These are the words from Nvidia themselves in regards to their upcoming new chip manufacturing architecture, Volta.


Volta is the latest name for a new GPU microarchitecture developed by Nvidia, succeeding Pascal (found in the GTX 1080 Ti, GTX 1080, GTX 1070 Ti). The architecture is named after Alessandro Volta, the inventor of the first electric battery. The architecture is produced with TSMC’s 12 nmFinFET process. The Volta Architecture of GPU’s are equipped with 640 Tensor Cores. This gives Volta the ability to deliver over 125 teraFLOPs per second (TFLOPS) of performance dedicated to deep learning and artificial intelligence, over a 5X increase from the Pascal microarchitecture of previous gen GPUs. With over 21 billion transistors, Volta is claimed to be the most advanced and powerful GPU architecture in the world. It pairs NVIDIA® CUDA® and Tensor Cores to deliver the performance of AI supercomputers into a GPU.

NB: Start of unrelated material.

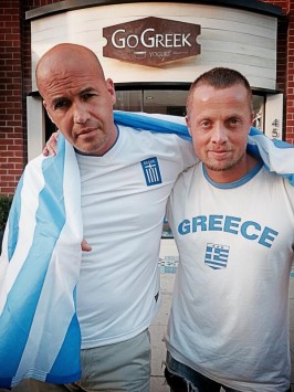 Ο γνωστός ηθοποιός φόρεσε μια φανέλα με το εθνόσημο, τύλιξε στους ώμους του την ελληνική σημαία και μαζί με έναν φίλο του πόζαρε έξω από ελληνικό μαγαζί.

Designed specifically for deep learning, the first-generation Tensor Cores in Volta deliver groundbreaking performance with mixed-precision matrix multiply in FP16 and FP32—up to 12X higher peak teraflops (TFLOPS) for training and 6X higher peak TFLOPS for inference over the prior-generation NVIDIA Pascal™. This key capability enables Volta to deliver 3X performance speedups in training and inference over Pascal.

The Nvidia GeForce RTX 2080 Ti, the flagship GPU in the Turing Architecture lineup. RTX provides in-built support for ray tracing rendering technology.


Tensor Cores are unique and individual processing units within Volta and Turing GPUs that are designed to perform large amounts of mixed precision matrix multiplication. Since artificial intelligence is all about large data gathering and algorithm processing on them, dedicated Tensor cores help drastically improve the throughput and efficiency of AI processing. Nvidia’s latest generation of Tesla GPUs are powered by these exact Tensor Cores, a groudbreak for companies and machines requiring fast AI performance. Turing Tensor Cores developed by Nvidia provide a full range of precisions for inferences in large sets of data. These cores provide breakthrough performance in FP32, FP16, INT8 and INT4 sets. FP = Floating Point, INT = Integer.

A comparison of matrix operations on the new Turing Tensor Cores vs the older generation Pascal interface.

T4 delivers breakthrough performance for deep learning training in FP32, FP16, INT8, INT4, and binary precisions for inference. With 130 teraOPS (TOPS) of INT8 and 260TOPS of INT4, T4 has the world’s highest inference efficiency, up to 40X higher performance compared to CPUs with just 60 percent of the power consumption. T4 uses only around 75 watts of power at peak.